[Opening SUPPLIED RECORDS section]

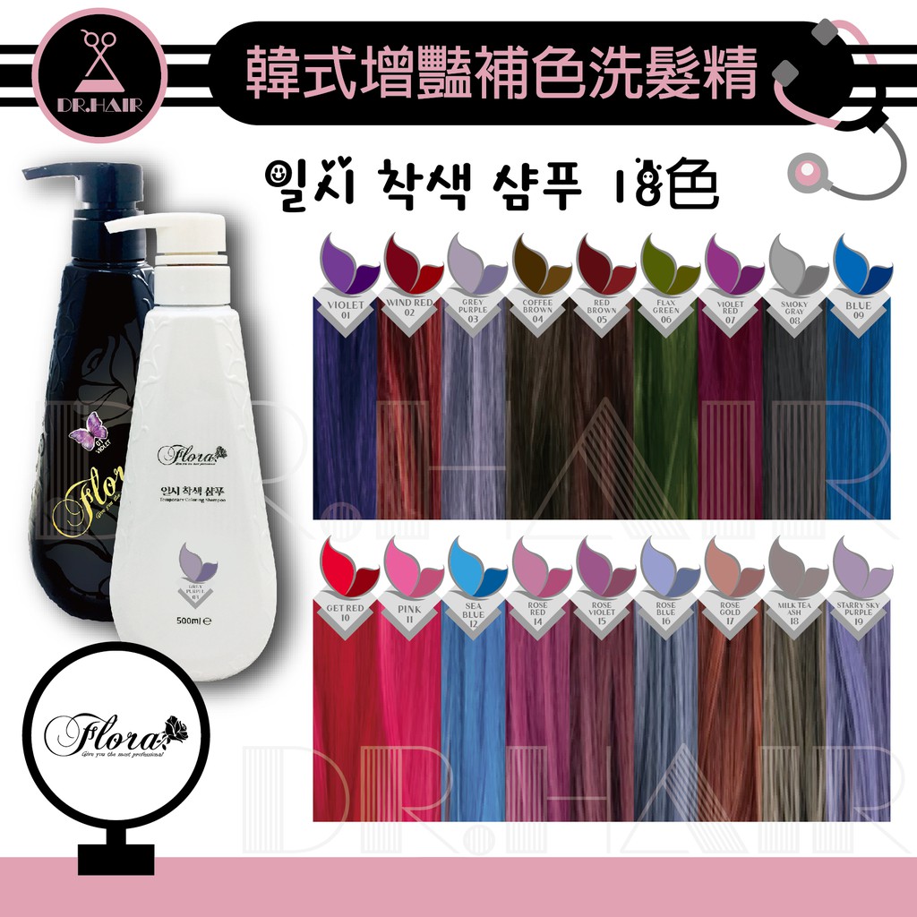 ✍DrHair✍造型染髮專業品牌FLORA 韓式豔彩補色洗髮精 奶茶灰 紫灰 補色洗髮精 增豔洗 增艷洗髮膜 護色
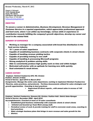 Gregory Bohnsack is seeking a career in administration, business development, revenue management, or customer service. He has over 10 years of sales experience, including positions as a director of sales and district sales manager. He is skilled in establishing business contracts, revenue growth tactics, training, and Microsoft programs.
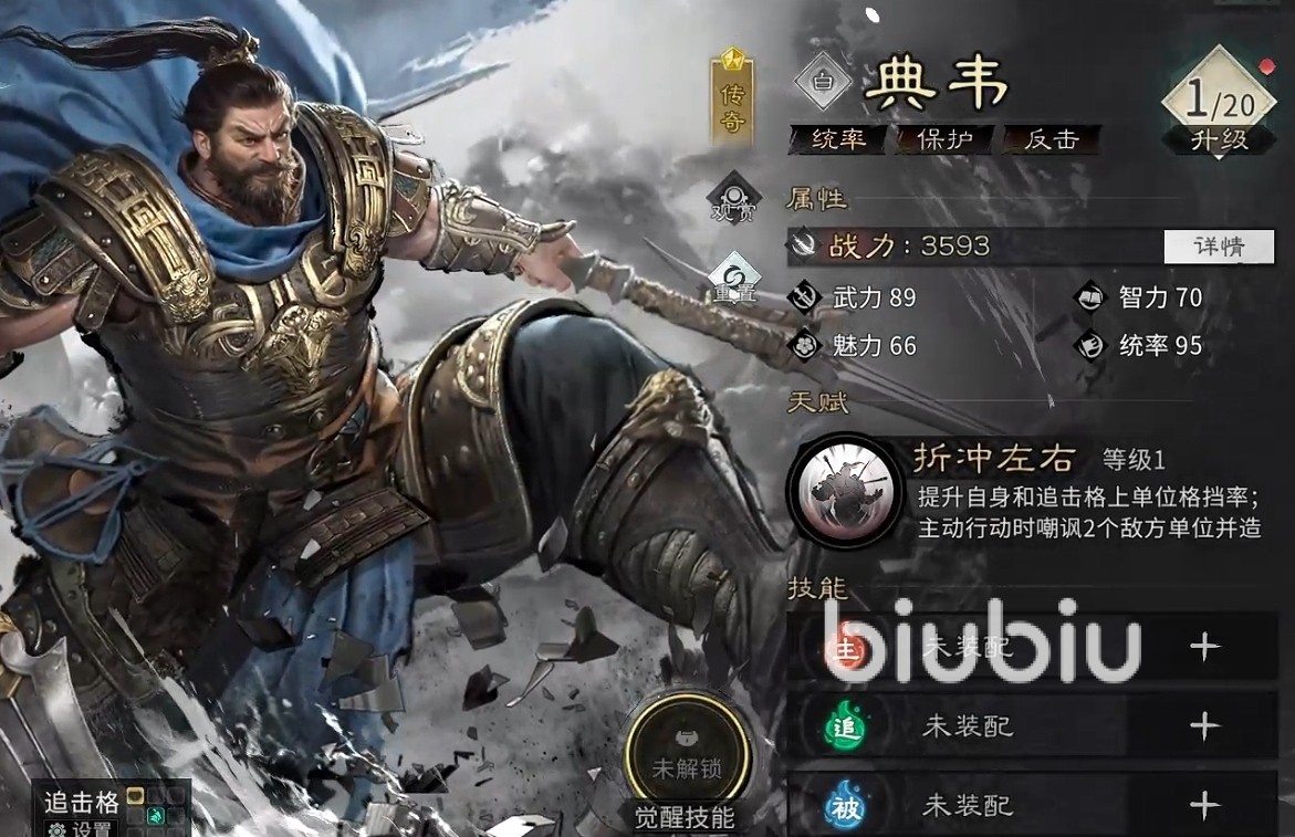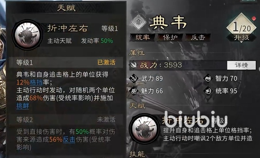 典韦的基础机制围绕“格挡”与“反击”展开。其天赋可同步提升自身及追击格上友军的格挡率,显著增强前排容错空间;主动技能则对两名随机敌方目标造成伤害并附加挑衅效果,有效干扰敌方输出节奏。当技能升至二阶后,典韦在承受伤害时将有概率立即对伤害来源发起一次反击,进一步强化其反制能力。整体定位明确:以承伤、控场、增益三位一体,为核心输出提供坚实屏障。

[Closing SUPPLIED RECORDS section]
[Opening SUPPLIED RECORDS section]

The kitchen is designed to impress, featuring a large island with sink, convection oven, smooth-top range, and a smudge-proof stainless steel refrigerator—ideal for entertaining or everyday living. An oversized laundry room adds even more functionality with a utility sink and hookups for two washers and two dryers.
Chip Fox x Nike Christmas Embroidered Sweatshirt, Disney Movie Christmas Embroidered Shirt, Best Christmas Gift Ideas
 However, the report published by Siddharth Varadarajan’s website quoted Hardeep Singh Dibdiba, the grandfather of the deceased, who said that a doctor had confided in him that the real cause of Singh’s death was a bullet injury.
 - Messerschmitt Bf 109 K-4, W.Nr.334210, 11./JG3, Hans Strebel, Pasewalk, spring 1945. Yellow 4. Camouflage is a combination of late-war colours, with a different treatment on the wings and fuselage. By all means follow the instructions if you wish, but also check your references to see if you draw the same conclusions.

[Closing SUPPLIED RECORDS section]
[Opening SUPPLIED RECORDS section]

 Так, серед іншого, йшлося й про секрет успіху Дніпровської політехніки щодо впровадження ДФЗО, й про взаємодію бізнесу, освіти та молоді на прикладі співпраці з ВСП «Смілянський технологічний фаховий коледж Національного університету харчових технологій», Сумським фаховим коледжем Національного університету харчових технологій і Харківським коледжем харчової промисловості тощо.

[Closing SUPPLIED RECORDS section]

WHAT IS REQUIRED — Report every line in the listing that holds the word "with".

EXERCISE OUTPUT —
The kitchen is designed to impress, featuring a large island with sink, convection oven, smooth-top range, and a smudge-proof stainless steel refrigerator—ideal for entertaining or everyday living. An oversized laundry room adds even more functionality with a utility sink and hookups for two washers and two dryers.
 - Messerschmitt Bf 109 K-4, W.Nr.334210, 11./JG3, Hans Strebel, Pasewalk, spring 1945. Yellow 4. Camouflage is a combination of late-war colours, with a different treatment on the wings and fuselage. By all means follow the instructions if you wish, but also check your references to see if you draw the same conclusions.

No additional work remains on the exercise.